Чтение онлайн

ЖАНРЫ

Суровое испытание. Семилетняя война и судьба империи в Британской Северной Америке, 1754-1766 гг.
Шрифт:

В то же время неисправимое легкомыслие провинциалов в отношении дисциплины и их готовность дезертировать или взбунтоваться, если они заподозрят, что их контракт нарушается, убедили Джеффри Амхерста, как до него Брэддока, Лаудуна и Аберкромби, что американцы обладают гораздо меньшими качествами характера и твердости, чем настоящие англичане.
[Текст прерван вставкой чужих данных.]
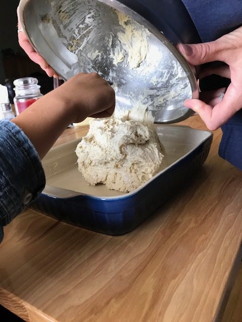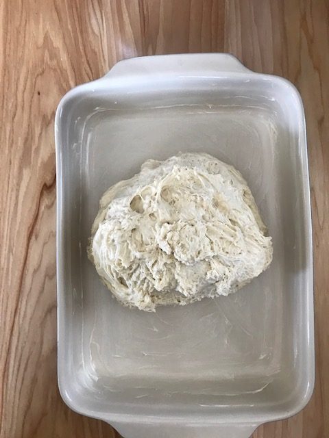 - To make a single large loaf, pick up the mixing bowl, turn it over, and plop the dough into the larger casserole dish. To make two small loaves, use your forks to separate the dough down the center. Then, divide it into two equal pieces. Use the forks to lift each half of the dough into the prepared bowls. If the dough is wet and hard to handle, lightly grease your hands and transfer each half to a bowl.
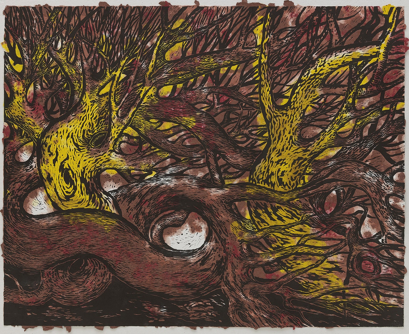 This artwork was created during a collaboration with the workshop team at the Singapore Tyler Print Institute in 2013. Exchanging her signature stone and marble medium for softer and more flexible paper pulp, Han Sai Por aimed to explore the motif of the forest, a theme which has occurred throughout her artistic practice. She often makes references to deforestation, destruction and extinction in her work, drawing on her experience of Singapore’s shifting landscape from rainforest island to urban land mass over the course of her lifetime. In Nestles 5, Han presents a primal forest under threat from extinction, yet it is not depicted as defeated or mournful, but as a place that still seems to pulsate with life.
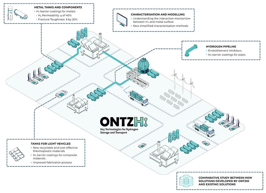 Así nace el proyecto centrado en hidrógeno ONTZHi. Quiere contribuir a resolver los diferentes tipos de almacenamiento y transporte (estacionario o móvil) y el estado en el que se encuentra (gaseoso o líquido). Se enfoca en cuatro líneas de trabajo: Tanques y componentes metálicos (principalmente para uso estacionario), tanques para vehículos ligeros, tuberías de distribución y nuevos métodos de caracterización avanzados.
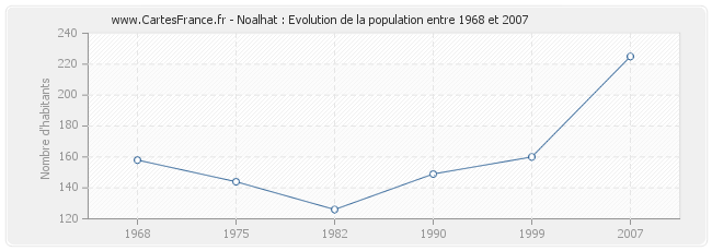 La population de Noalhat était de 225 habitants en 2007, 160 habitants en 1999, 149 habitants en 1990, 126 habitants en 1982, 144 habitants en 1975 et 158 habitants en 1968.
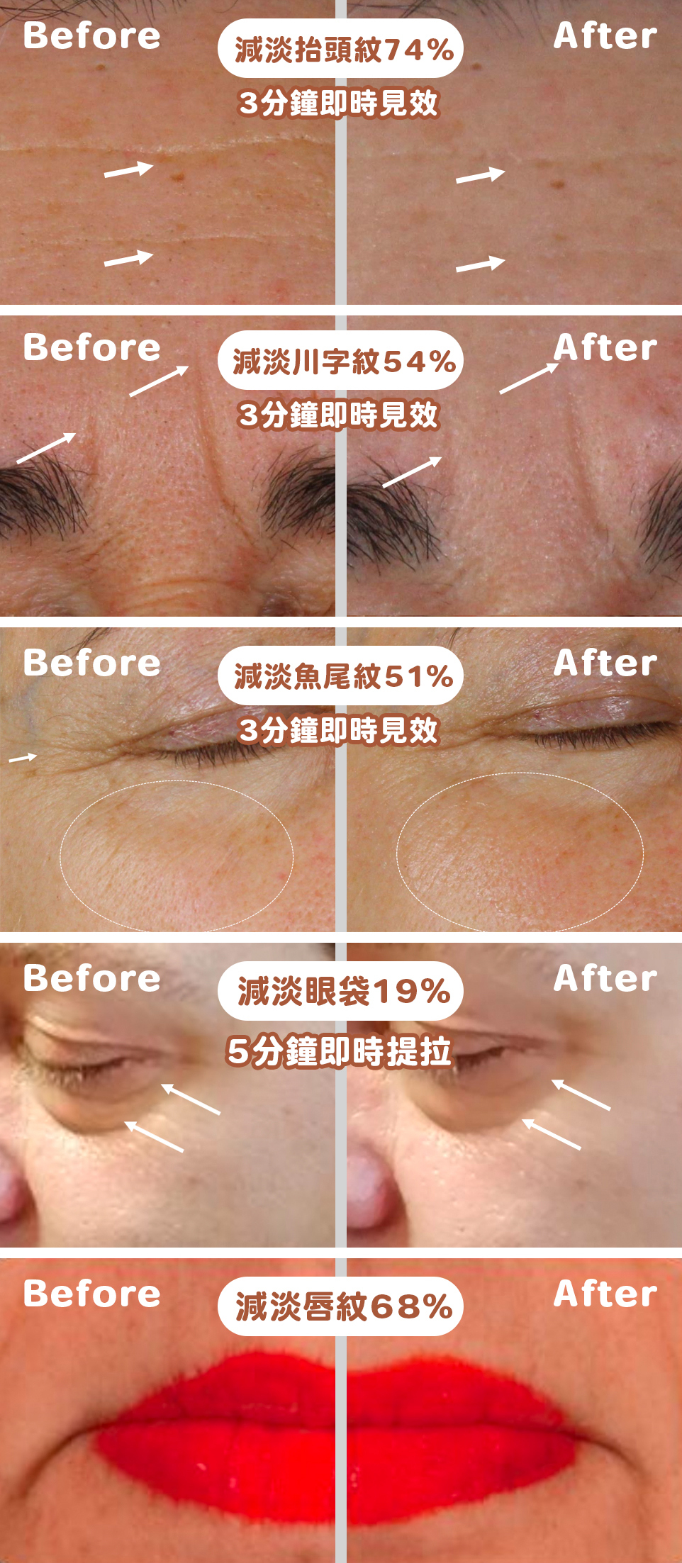多項臨床實證 快速減淡橫紋直紋 緊緻下顎線 告別鬆弛
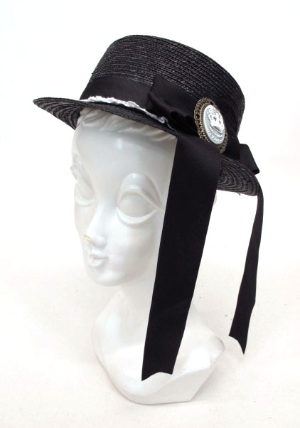 ■カメオ付きカンカン帽子 黒 カメオ付きのカンカン帽です。 |
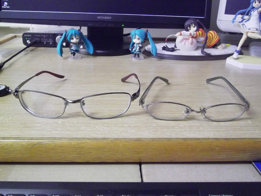 右が今まで使っていた、某量販店のメガネ。
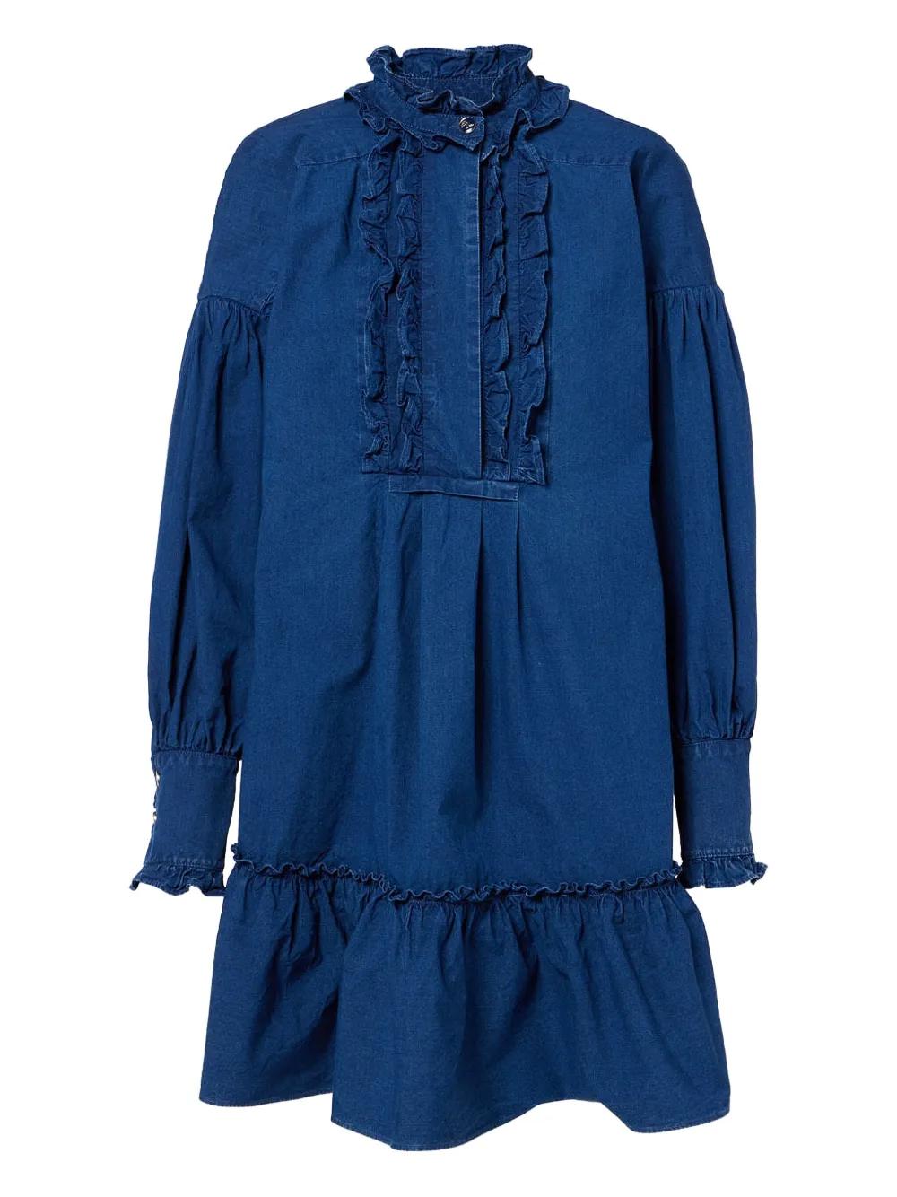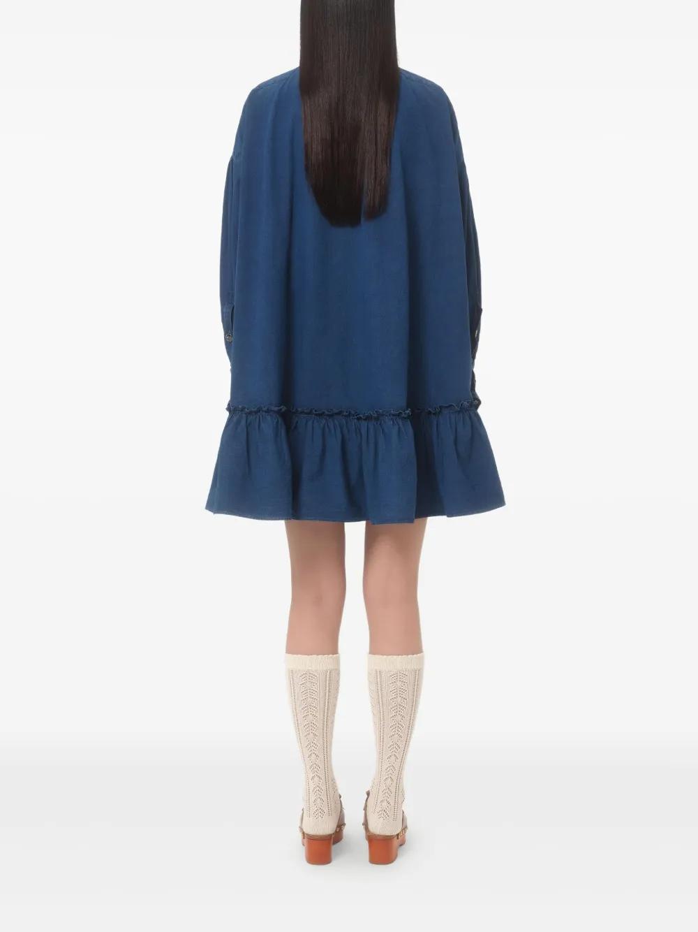 navy blue front button placket long puff sleeves buttoned cuffs ruffled detailing

Когда в начале ноября жители Новой Англии начали дезертировать из Краун-Пойнта, Амхерст обнаружил, что у него нет другого выхода, кроме как уволить их, поскольку заставить их встать в строй не было никакой возможности. «Провинциалы, — писал он, — вбили себе в голову, что от них мало толку. Я слышу, что они дезертируют со всех постов, где я был вынужден оставить некоторых, и несколько человек сбежали, имея причитающиеся им деньги. Это будет большая экономия для общества». Он уже далеко продвинулся в формировании того, что станет его итоговым мнением: «Пренебрежение приказами и учеба для собственного удобства, а не для пользы службы, слишком часто служили основанием для жалоб на некоторых провинциальных офицеров и всех их людей». Они были не

более чем необходимым злом, навязанным ему потребностью в рабочих и гарнизонных войсках в неутешительной войне в дикой местности. Что бы еще Амхерст ни говорил об американцах, он никогда не считал их солдатами и с нетерпением ждал, когда они и их жалкая страна останутся позади[521].

ГЛАВА 38

Празднование империи, ожидание тысячелетия

октябрь 1759 г.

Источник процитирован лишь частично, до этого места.